Nombreux sont ceux qui ont postulé que la structure électronique des atomes de fer pourrait détenir la clé de cette question. Cependant, sonder la structure électronique des atomes de fer dans des conditions aussi extrêmes présente des défis considérables.

À la recherche de réponses, une équipe internationale de scientifiques, dont des membres de l’équipe de l’ASU, a mené des expériences en soumettant le magma de silicate à des pressions supérieures à 1 million de bars et à des températures de 7 000 degrés Fahrenheit à l’aide de faisceaux laser de grande puissance. Les résultats de leurs travaux ont été récemment publiés dans Science Advances, avec pour auteur principal Dan Shim, professeur et géoscientifique à l’Ecole de la Terre et de l’exploration spatiale de l’ASU.

Dans cette expérience d’onde de choc, l’échantillon peut conserver un état fondu et fortement comprimé pendant quelques femtosecondes (une femtoseconde est un laps de temps extrêmement court, équivalent à un quadrillionième de seconde). Pour étudier la structure électronique des atomes de fer dans le magma de silicate, qui ne peut persister que pendant une période aussi brève, les chercheurs ont mesuré les spectres des atomes de fer de l’échantillon à l’aide d’impulsions laser de rayons X ultra rapides et intenses sur les lignes de faisceaux MEC (Matter in Extreme Conditions) de la Linac Coherent Light Source (LCLS), qui fait partie du SLAC National Accelerator Laboratory (laboratoire national d’accélérateur) de Stanford.

Les expériences ont révélé que les électrons des atomes de fer se réarrangent dans une configuration connue sous le nom d’état de spin faible, ce qui donne un état plus dense. Cet état plus dense est plus stable pour les atomes de fer soumis à des pressions extrêmes, ce qui fait du magma un environnement plus favorable pour les atomes de fer. Cette transformation à l’échelle atomique résultant d’expériences ultra-rapides explique pourquoi le magma peut devenir plus dense que les cristaux lorsque l’océan magmatique se solidifie, élucidant ainsi la manière dont les structures observées dans les études sismiques se sont formées et persistent dans la partie la plus profonde du manteau.

"Dans nos expériences, nous avons étudié un événement qui s’est produit il y a 4,5 milliards d’années, c’est-à-dire il y a très longtemps, il y a 10^17 secondes.

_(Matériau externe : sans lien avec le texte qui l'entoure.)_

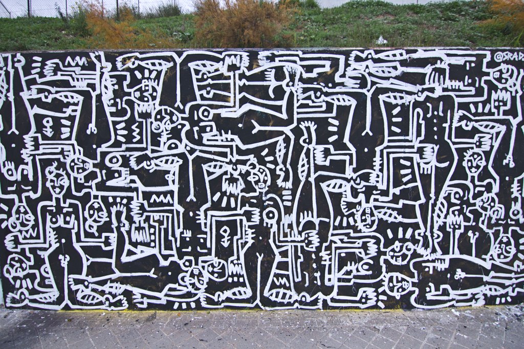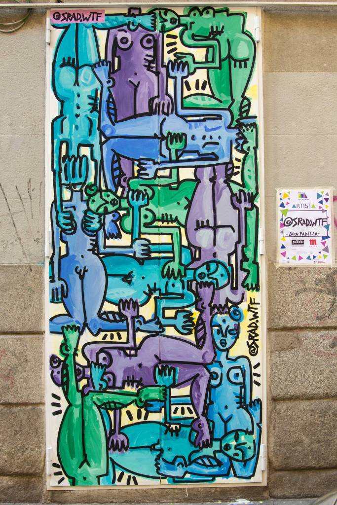 My creative process in general is very instinctive, I don’t usually prepare sketches, I like to create a fun and free atmosphere and from the sensations they produce in me I build the different characters. In the case of murals it depends on the composition you choose. I like to create networks of linked bodies, I call it Tetris, and in that case there is no sketch and the work is always the same and always different. It starts with a body and everything else flows on its own without previous diagrams creating an infinite puzzle. If it is a composition of people, I make a schematic to build it and get an idea in space.

Mais pour comprendre cet événement ancien, nous avons utilisé une technique de choc pilotée par laser, qui permet d’obtenir une pression très élevée pendant seulement une infime fraction de seconde", a déclaré M. Shim. "La différence entre les deux échelles de temps est stupéfiante (32 ordres de grandeur) !"

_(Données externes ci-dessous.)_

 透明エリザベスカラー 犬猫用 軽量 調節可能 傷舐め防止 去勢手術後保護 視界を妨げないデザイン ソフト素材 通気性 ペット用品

Fait remarquable, ces expériences ont également permis d’atteindre les conditions de pression que l’on s’attend à trouver dans les exoplanètes super-terrestres, qui sont des planètes rocheuses situées au-delà de notre système solaire et dont le rayon est de 1 à 1,8 fois plus grand que celui de la Terre. Les résultats suggèrent que la densification du magma pourrait être beaucoup plus importante dans les océans magmatiques des super-Terres. D’autres études ont indiqué que les magmas silicatés denses et riches en fer peuvent générer des dynamos à des pressions élevées. Par conséquent, cette étude pourrait aider à comprendre si les magmas de silicates des super-Terres peuvent contribuer à la génération de champs magnétiques, protégeant potentiellement les atmosphères minces de ces planètes des radiations intenses émises par leurs étoiles hôtes.

Les autres auteurs de cette étude sont Wendy Mao, Ariana Gleason et Roberto Alonso-Mori de l’université de Stanford, Guillaume Morard de l’université de Grenoble Alpes et Alessandra Ravasio du Laboratoire d’utilisation des lasers intenses (LULI).

Ce travail a été soutenu par le programme CSEDI de la NSF et le programme Exoplanet de la NASA.